在专门任务上提高性能并减少幻觉的关键是为生成模型提供其训练数据中未包含的额外信息。这就是RAG发挥作用的地方。

What is Retrieval Augmented Generation (RAG)?

什么是检索增强生成 (RAG)?

Retrieval-Augmented Generation (RAG) is a framework that augments the general knowledge of a generative LLM by providing it with additional data relevant to the task at hand retrieved from an external data source.

检索增强生成(RAG)是一个通过提供从外部数据源_检索到的_与手头任务相关的额外数据来_增强_生成LLM的一般知识的框架。

External data sources can include internal databases, files, and repositories, as well as publicly available data such as news articles, websites, or other online content. Access to this data empowers the model to respond more factually, cite its sources in its responses, and avoid "guessing" when prompted about information not found in the model's original training dataset.

外部数据源可以包括内部数据库、文件和存储库,以及公开可用的数据,如新闻文章、网站或其他在线内容。访问这些数据使模型能够更事实地响应,在回答中引用其来源,并避免在提示关于模型原始训练数据集中未包含的信息时"猜测"。

Common use cases for RAG include retrieving up-to-date information, accessing specialized domain knowledge, and answering complex, data-driven queries.

RAG的常见用例包括检索最新信息、访问专门的领域知识,以及回答复杂的、数据驱动的查询。

RAG architecture

RAG架构

The basic parts of a RAG pipeline can be broken down into three components: an external knowledge source, a prompt template, and a generative model. Together, these components enable LLM-powered applications to generate more accurate responses by leveraging valuable task-specific data.

RAG流水线的基本部分可以分解为三个组件:外部知识源、提示模板和生成模型。这些组件共同作用,使LLM驱动的应用程序能够通过利用宝贵的任务特定数据来生成更准确的响应。

External knowledge source

外部知识源

Without access to external knowledge, a generative model is limited to generating responses based only on its parametric knowledge, which is learned during the model training phase. With RAG, we have the opportunity to incorporate external knowledge sources, also referred to as non-parametric knowledge, in our pipeline.

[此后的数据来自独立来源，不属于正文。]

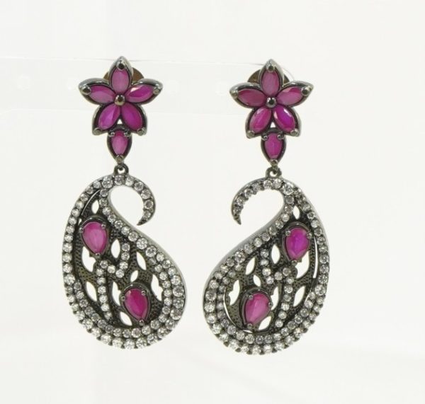 Adorn your ears with stunning Red and White Stone Ear Hangings. Designed for elegance and sparkle, perfect for weddings, festivals, and ethnic celebrations.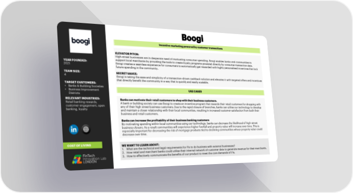 Incentive marketing powered by customer transactions ELEVATOR PITCH: High-street businesses are in desperate need of motivating consumer spending. Boogienables banks and communities to YEAR FOUNDED: support local merchants by providing the tools to create loyalty programs powered directly by consumer transaction data. 2021 Boogicreates a seamless experience for consumers to automatically get rewarded with highly personalised incentives that lock future spending in the community. TEAM SIZE: SECRET SAUCE: 4 Boogiis taking the ease and simplicity of a transaction-driven cashback solutionand elevates it with targeted offers and incentives that directly benefit the community in a way that is quickly and easily scalable. TARGET CUSTOMERS: • Banks & Building Societies • Business Improvement USE CASES Districts RELEVANT INDUSTRIES: Banks can motivate their retail customers to shop with their business customers. Retail banking rewards, A bank or building society can use Boogito create an incentive program that rewards their retail customers for shopping with customer engagement, open any of their high-street business customers. Due to the rapid closure of branches, banks can utilise our technology to develop banking, loyalty and maintain a closer relationship with their local communities, resulting in increased customer satisfaction from both their business and retail customers. Banks can increase the profitability of their business banking customers By motivating spending within local communities using our technology, banks can decrease the likelihood of high-street business closure. As a result communities will experience higher footfall and property value will increase over time. This is especially important for decreasing the risk of mortgage products tied to declining communities whose property value could decrease over time. COST OF LIVING WE WANT TO LEARN ABOUT: 1. What are the technical and legal requirements for FIs to do business with external businesses? 2. How retail and merchant banks could utilisetheir internal network of customer data to generate revenue for their merchants. 3. How to effectively communicate the benefits of our product to meet the core demands of FIs.

没有外部知识的访问权限,生成模型仅限于基于其参数知识生成响应,参数知识是在模型训练阶段学习的。有了RAG,我们有机会在流水线中整合外部知识源,也称为非参数知识

External data sources are often task-specific and likely beyond the scope of the model's original training data, or its parametric knowledge. Furthermore, they are often stored in vector databases and can vary widely in topic and format.

外部数据源通常是特定于任务的,可能超出模型原始训练数据或其参数知识的范围。此外,它们通常存储在向量数据库中,在主题和格式上可能差异很大。

Popular sources of external data include internal company databases, legal codes and documents, medical and scientific literature, and scraped webpages. Private data sources can be used in RAG as well. Personal AI assistants, like Microsoft's Copilot, leverage multiple sources of personal data including, emails, documents, and instant messages to provide tailored responses and automate tasks more efficiently.

外部数据的流行来源包括内部公司数据库、法律条文和文档、医学和科学文献,以及抓取的网页。私有数据源也可以在RAG中使用。像Microsoft的Copilot这样的个人AI助手,利用包括电子邮件、文档和即时消息在内的多个个人数据源来提供定制响应并更有效地自动化任务。

Prompt template

提示模板

Prompts are the tools we use to communicate our requests to generative models. Prompts may contain several elements, but generally include a query, instructions, and context that guides the model in generating a relevant response.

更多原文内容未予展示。